▸ **What you should do**
Beginning with the line that holds "Dress In pusero.", copy each line exactly through the end of the entries, but leave the pictures out.

▸ **Data provided**

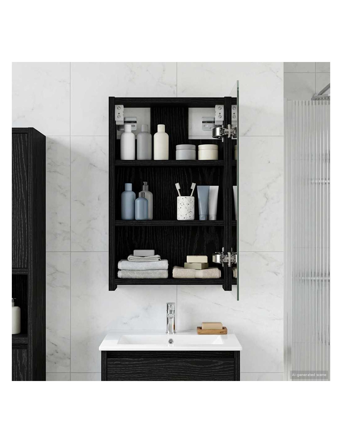Questo armadietto a specchio moderno è la soluzione ideale per il tuo bagno. Ha un design contemporaneo, con linee pulite e minimaliste, che migliora l'arredamento. Offre abbondante spazio per riporre i tuoi essenziali e lo specchio bidirezionale è pratico e di grande impatto estetico. Costruzione in legno ingegnerizzato : Questo armadietto è realizzato in legno ingegnerizzato di alta qualità, resistente e duraturo. Grazie a questo materiale, rimarrà in ottime condizioni nel tempo. La finitura liscia conferisce un aspetto moderno, perfetto per ogni bagno. Specchio bidirezionale : Con uno specchio versatilissimo, questo armadietto ti permette di usarlo in vari modi. Da un lato è un normale specchio per le tue routine quotidiane; dall'altro, aggiunge un tocco di originalità. Questa caratteristica è utile in tante situazioni, da averne un rapido sguardo a fare chiacchiere davanti allo specchio. Design a montaggio a parete : Montando l'armadietto a parete, guadagni spazio sul pavimento, rendendolo perfetto per bagni di tutte le dimensioni. Ha un aspetto elegante e aiuta a mantenere l'ambiente ordinato, massimizzando lo spazio disponibile. È ideale per un look contemporaneo che fa colpo. Mensole in pannelli : Le mensole dell'armadietto, realizzate in legno ingegnerizzato, offrono uno spazio di stoccaggio sicuro e ben organizzato. Perfette per i tuoi prodotti da toeletta e altri essenziali, rimanendo sempre a portata di mano. Le mensole sono robuste e non cedono, mantenendo diligentemente tutto in ordine. Accesso a porta a cerniera : L'armadietto ha porte a cerniera che consentono di accedere facilmente ai tuoi oggetti. Aprono e chiudono senza fatica, assicurando una chiusura silenziosa e discreta. Questa funzionalità rende il tuo accesso facile e senza complicazioni.
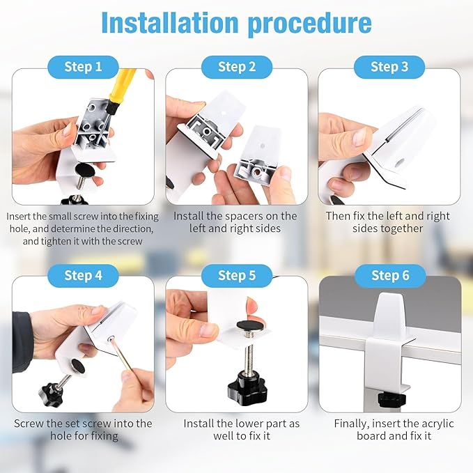 • 【High Quality Material】-Our acrylic desktop partitions are made of high-quality frosted acrylic, and the Clamps are made of high-strength alloy steel. They are beautiful and coordinated, and can perfectly blend with your office and learning environment. They are sturdy, durable, and easy to clean.Perfect packaging prevents the product from scratching the surface during shipping.
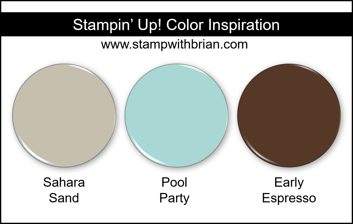 There’s a lot of brown on my card. Between Sahara Sand and Early Espresso, the tones are rich and neutral. I added a little panel of Pool Party below the Focal Point to add a little color – and what color looks better with browns? If you like this mix of Sahara Sand, Pool Party and Early Espresso as much as I do, I hope you’ll save this for future reference:
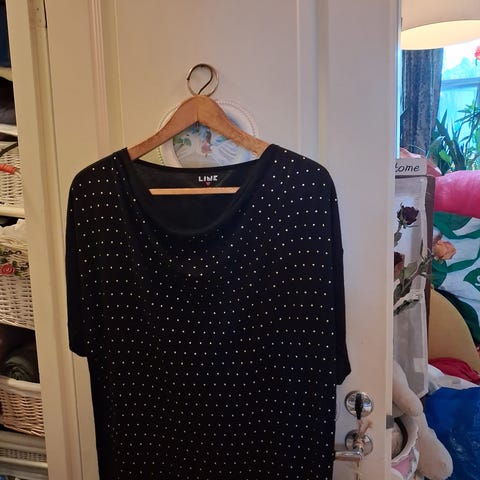 Dress In pusero. Koko L. Polyesteri/ elastaani. Edessä lukee. A perfect day has come.
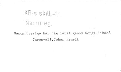 //// KB:s skilt -h //// Namnren //// Genom Sverige har jag farit genom Norge likaså Chronvall,Johan Henrik ////
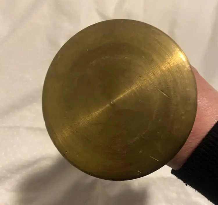 This vintage brass butcher’s meat tenderizer, crafted from solid brass. This heavy-duty mallet was originally designed for professional butcher use, making it both durable and collectible. Its golden patina and industrial design make it a standout decorative piece for rustic or vintage kitchens. In good used condition. Heavy and solid.

▸ **Solution below**
 Dress In pusero. Koko L. Polyesteri/ elastaani. Edessä lukee. A perfect day has come.
 //// KB:s skilt -h //// Namnren //// Genom Sverige har jag farit genom Norge likaså Chronvall,Johan Henrik ////
 This vintage brass butcher’s meat tenderizer, crafted from solid brass. This heavy-duty mallet was originally designed for professional butcher use, making it both durable and collectible. Its golden patina and industrial design make it a standout decorative piece for rustic or vintage kitchens. In good used condition. Heavy and solid.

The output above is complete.